### Given material
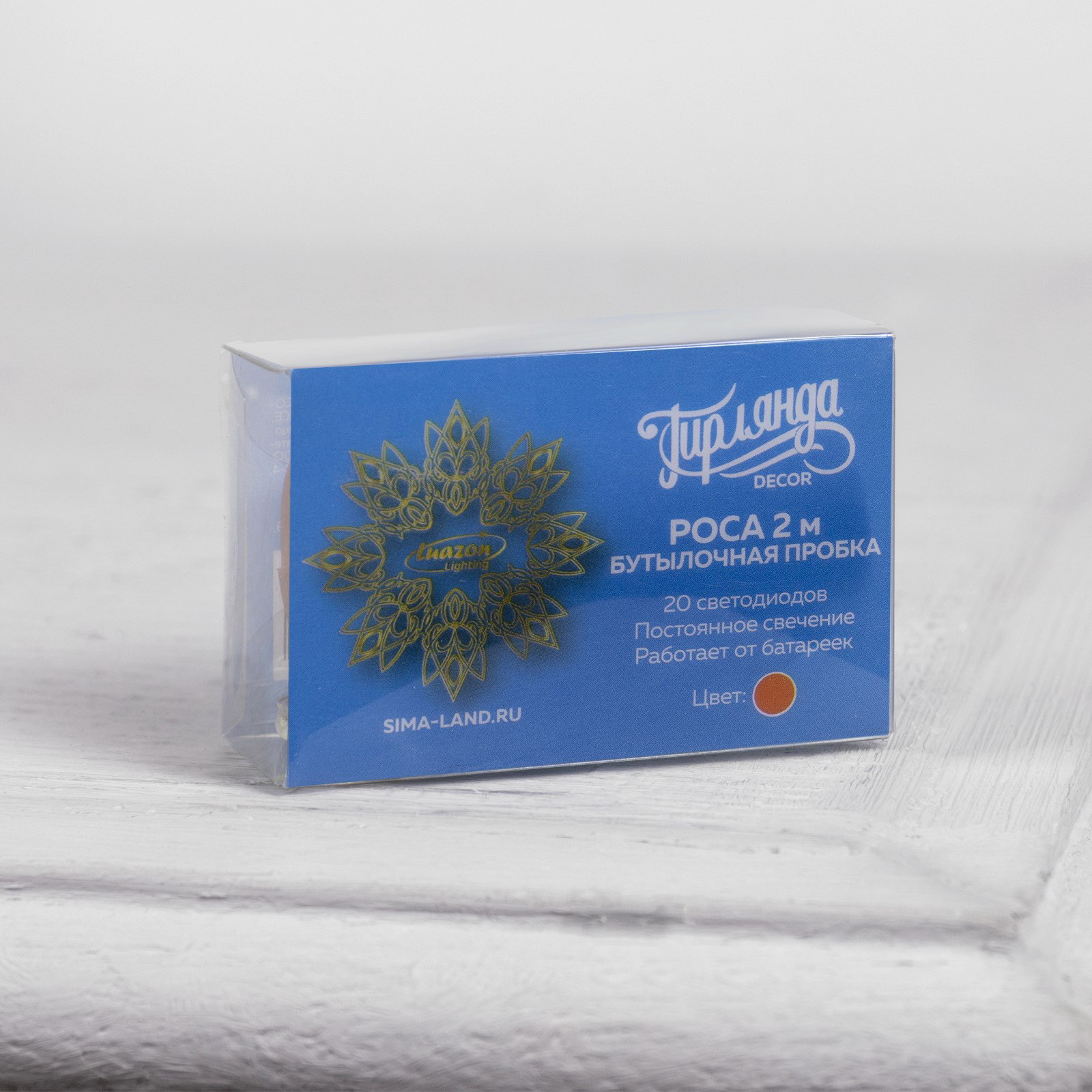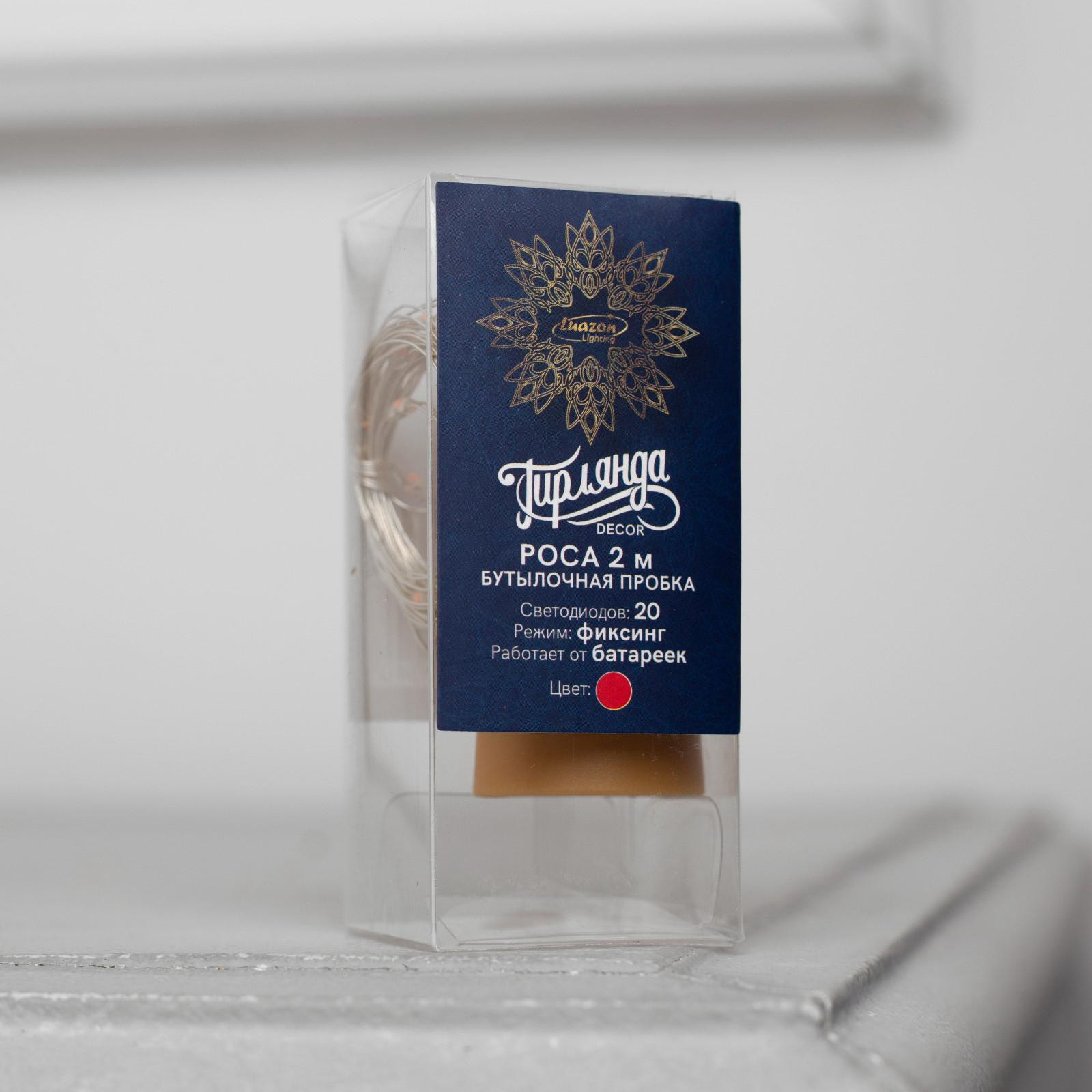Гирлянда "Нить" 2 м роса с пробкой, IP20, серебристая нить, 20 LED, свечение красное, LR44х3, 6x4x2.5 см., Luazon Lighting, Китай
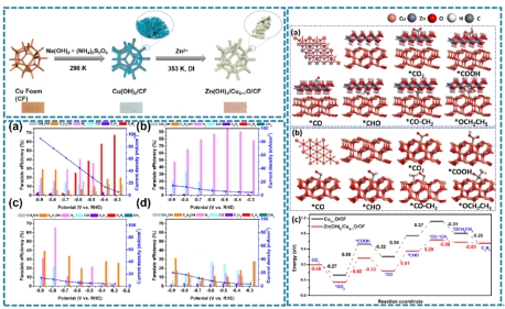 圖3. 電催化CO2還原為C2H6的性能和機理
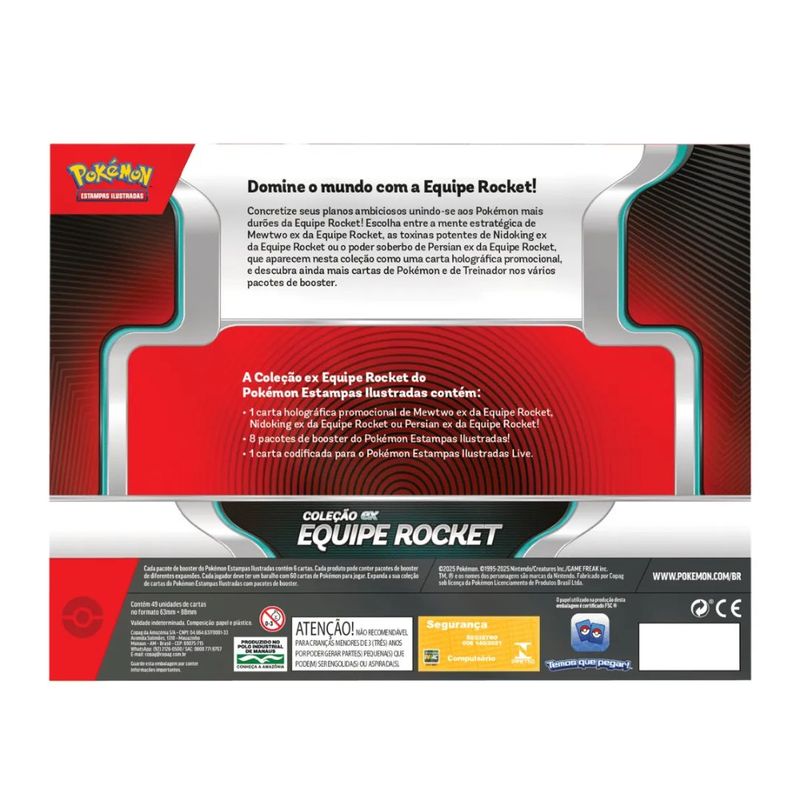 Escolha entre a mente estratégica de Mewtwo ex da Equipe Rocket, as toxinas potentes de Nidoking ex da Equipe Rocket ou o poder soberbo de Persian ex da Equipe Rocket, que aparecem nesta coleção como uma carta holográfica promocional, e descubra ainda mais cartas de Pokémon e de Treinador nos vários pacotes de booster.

### Action item
Copy out the data exactly and keep the pictures out.

### Finished task
Гирлянда "Нить" 2 м роса с пробкой, IP20, серебристая нить, 20 LED, свечение красное, LR44х3, 6x4x2.5 см., Luazon Lighting, Китай
 圖3. 電催化CO2還原為C2H6的性能和機理
 Escolha entre a mente estratégica de Mewtwo ex da Equipe Rocket, as toxinas potentes de Nidoking ex da Equipe Rocket ou o poder soberbo de Persian ex da Equipe Rocket, que aparecem nesta coleção como uma carta holográfica promocional, e descubra ainda mais cartas de Pokémon e de Treinador nos vários pacotes de booster.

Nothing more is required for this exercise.